* _Data for the task_:
[Start of Attachment]

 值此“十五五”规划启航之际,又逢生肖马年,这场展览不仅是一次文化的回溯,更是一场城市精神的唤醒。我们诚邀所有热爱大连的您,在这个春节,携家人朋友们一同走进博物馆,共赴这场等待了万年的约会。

[End of Attachment]
[Start of Attachment]

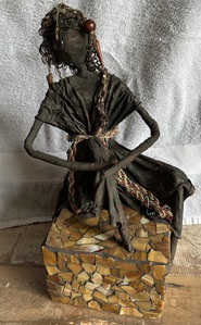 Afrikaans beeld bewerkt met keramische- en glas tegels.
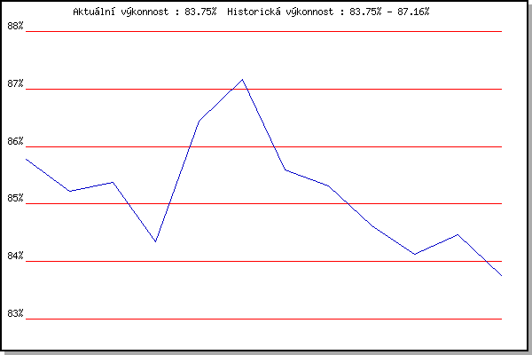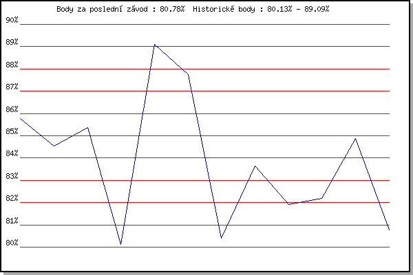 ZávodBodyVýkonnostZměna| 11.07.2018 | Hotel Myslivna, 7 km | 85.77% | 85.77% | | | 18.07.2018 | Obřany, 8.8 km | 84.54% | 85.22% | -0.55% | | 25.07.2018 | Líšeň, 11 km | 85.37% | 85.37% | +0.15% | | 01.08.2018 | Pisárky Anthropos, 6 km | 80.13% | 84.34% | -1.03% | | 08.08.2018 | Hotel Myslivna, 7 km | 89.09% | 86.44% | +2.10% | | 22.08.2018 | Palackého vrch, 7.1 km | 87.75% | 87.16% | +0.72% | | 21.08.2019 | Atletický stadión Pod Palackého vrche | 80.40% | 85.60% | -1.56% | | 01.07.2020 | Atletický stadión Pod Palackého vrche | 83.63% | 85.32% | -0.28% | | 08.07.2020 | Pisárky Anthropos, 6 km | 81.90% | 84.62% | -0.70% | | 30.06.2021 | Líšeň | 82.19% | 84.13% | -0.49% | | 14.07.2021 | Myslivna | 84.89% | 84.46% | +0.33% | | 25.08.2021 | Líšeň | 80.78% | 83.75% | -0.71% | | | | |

[End of Attachment]

* _Assignment_: What you return must match the lines above from the one with "Afrikaans beeld bewerkt" through the one with "ZávodBodyVýkonnostZměna| 11.07.2018 |" exactly, with both ends included and the pictures excluded.

* _Response to this exercise_:
 Afrikaans beeld bewerkt met keramische- en glas tegels.
 ZávodBodyVýkonnostZměna| 11.07.2018 | Hotel Myslivna, 7 km | 85.77% | 85.77% | | | 18.07.2018 | Obřany, 8.8 km | 84.54% | 85.22% | -0.55% | | 25.07.2018 | Líšeň, 11 km | 85.37% | 85.37% | +0.15% | | 01.08.2018 | Pisárky Anthropos, 6 km | 80.13% | 84.34% | -1.03% | | 08.08.2018 | Hotel Myslivna, 7 km | 89.09% | 86.44% | +2.10% | | 22.08.2018 | Palackého vrch, 7.1 km | 87.75% | 87.16% | +0.72% | | 21.08.2019 | Atletický stadión Pod Palackého vrche | 80.40% | 85.60% | -1.56% | | 01.07.2020 | Atletický stadión Pod Palackého vrche | 83.63% | 85.32% | -0.28% | | 08.07.2020 | Pisárky Anthropos, 6 km | 81.90% | 84.62% | -0.70% | | 30.06.2021 | Líšeň | 82.19% | 84.13% | -0.49% | | 14.07.2021 | Myslivna | 84.89% | 84.46% | +0.33% | | 25.08.2021 | Líšeň | 80.78% | 83.75% | -0.71% | | | | |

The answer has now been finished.